- **PROBLEM REQUIREMENTS**
Transcribe exactly everything in the data below from the line containing "Ensemble de casseroles" down to the line containing "Kedai-Berita.com, Makassar —", both lines included and nothing further.
___ TASK DATA
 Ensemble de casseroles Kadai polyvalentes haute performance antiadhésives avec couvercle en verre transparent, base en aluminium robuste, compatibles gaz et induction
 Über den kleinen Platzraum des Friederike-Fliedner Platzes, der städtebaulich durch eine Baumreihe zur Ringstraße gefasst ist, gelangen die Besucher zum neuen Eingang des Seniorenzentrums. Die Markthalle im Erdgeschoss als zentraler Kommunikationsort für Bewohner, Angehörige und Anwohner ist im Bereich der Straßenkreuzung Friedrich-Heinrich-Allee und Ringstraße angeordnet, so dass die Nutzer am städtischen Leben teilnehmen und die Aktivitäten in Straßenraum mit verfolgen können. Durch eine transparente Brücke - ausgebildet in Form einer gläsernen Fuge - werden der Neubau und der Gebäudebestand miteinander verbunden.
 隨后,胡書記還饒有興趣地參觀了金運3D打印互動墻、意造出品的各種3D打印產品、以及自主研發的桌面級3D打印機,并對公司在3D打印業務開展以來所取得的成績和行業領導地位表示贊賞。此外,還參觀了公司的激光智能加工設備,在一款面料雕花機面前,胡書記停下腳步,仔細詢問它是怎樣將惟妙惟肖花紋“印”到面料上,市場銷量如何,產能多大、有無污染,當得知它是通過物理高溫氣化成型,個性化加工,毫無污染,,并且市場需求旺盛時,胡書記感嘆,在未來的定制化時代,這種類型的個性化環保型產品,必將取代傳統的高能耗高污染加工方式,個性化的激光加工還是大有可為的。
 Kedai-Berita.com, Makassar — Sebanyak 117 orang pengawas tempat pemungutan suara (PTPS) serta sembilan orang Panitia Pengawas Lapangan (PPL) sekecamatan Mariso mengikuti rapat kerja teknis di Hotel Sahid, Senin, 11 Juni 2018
______
___ TASK DATA
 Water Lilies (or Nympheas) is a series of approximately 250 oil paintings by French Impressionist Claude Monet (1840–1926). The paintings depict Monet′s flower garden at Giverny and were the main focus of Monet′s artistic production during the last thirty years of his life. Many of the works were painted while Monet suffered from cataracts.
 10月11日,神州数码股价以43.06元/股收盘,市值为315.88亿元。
______
___ TASK DATA
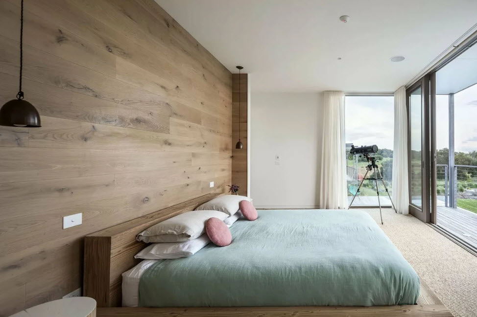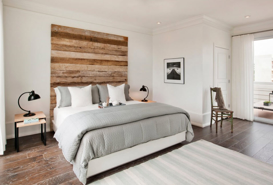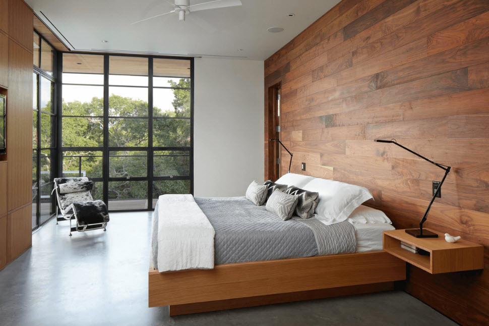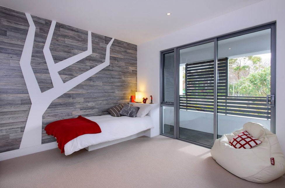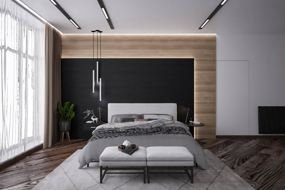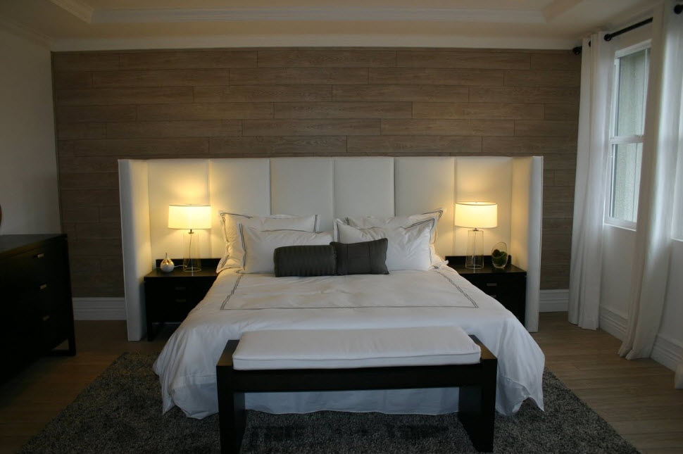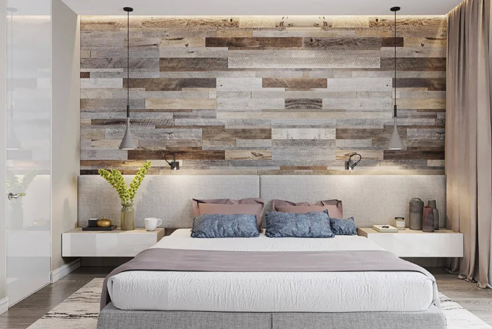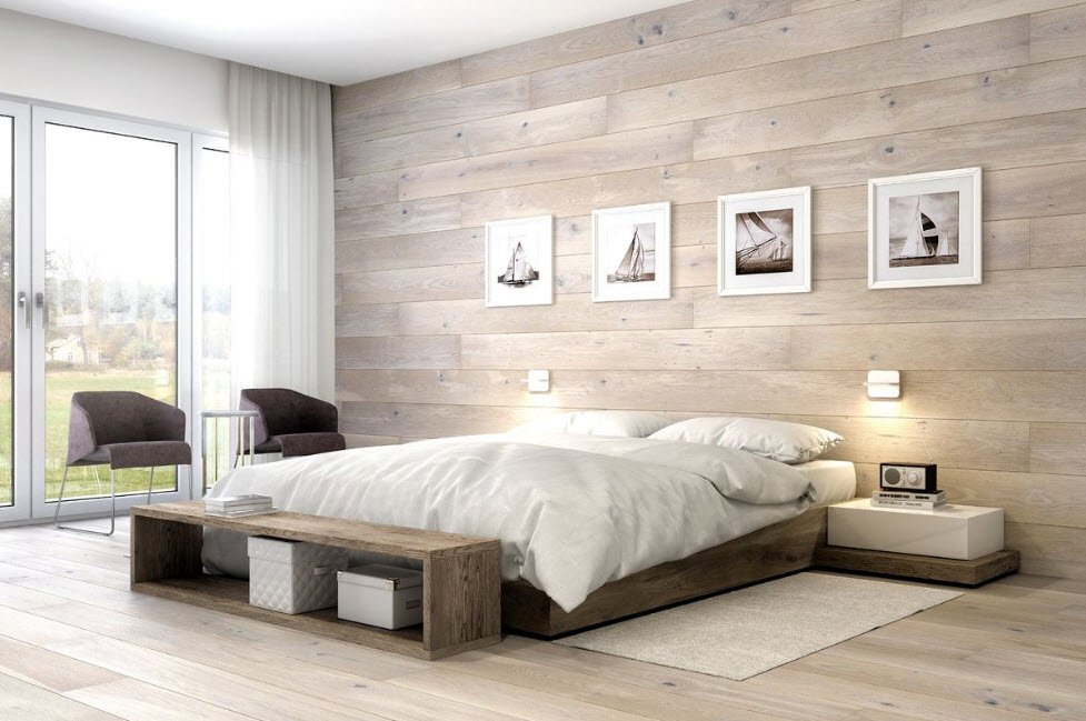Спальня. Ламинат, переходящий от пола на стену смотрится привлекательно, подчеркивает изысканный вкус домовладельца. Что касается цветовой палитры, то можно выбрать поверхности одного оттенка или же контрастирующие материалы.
______
- **RESPONSE AREA**
 Ensemble de casseroles Kadai polyvalentes haute performance antiadhésives avec couvercle en verre transparent, base en aluminium robuste, compatibles gaz et induction
 Über den kleinen Platzraum des Friederike-Fliedner Platzes, der städtebaulich durch eine Baumreihe zur Ringstraße gefasst ist, gelangen die Besucher zum neuen Eingang des Seniorenzentrums. Die Markthalle im Erdgeschoss als zentraler Kommunikationsort für Bewohner, Angehörige und Anwohner ist im Bereich der Straßenkreuzung Friedrich-Heinrich-Allee und Ringstraße angeordnet, so dass die Nutzer am städtischen Leben teilnehmen und die Aktivitäten in Straßenraum mit verfolgen können. Durch eine transparente Brücke - ausgebildet in Form einer gläsernen Fuge - werden der Neubau und der Gebäudebestand miteinander verbunden.
 隨后,胡書記還饒有興趣地參觀了金運3D打印互動墻、意造出品的各種3D打印產品、以及自主研發的桌面級3D打印機,并對公司在3D打印業務開展以來所取得的成績和行業領導地位表示贊賞。此外,還參觀了公司的激光智能加工設備,在一款面料雕花機面前,胡書記停下腳步,仔細詢問它是怎樣將惟妙惟肖花紋“印”到面料上,市場銷量如何,產能多大、有無污染,當得知它是通過物理高溫氣化成型,個性化加工,毫無污染,,并且市場需求旺盛時,胡書記感嘆,在未來的定制化時代,這種類型的個性化環保型產品,必將取代傳統的高能耗高污染加工方式,個性化的激光加工還是大有可為的。
 Kedai-Berita.com, Makassar — Sebanyak 117 orang pengawas tempat pemungutan suara (PTPS) serta sembilan orang Panitia Pengawas Lapangan (PPL) sekecamatan Mariso mengikuti rapat kerja teknis di Hotel Sahid, Senin, 11 Juni 2018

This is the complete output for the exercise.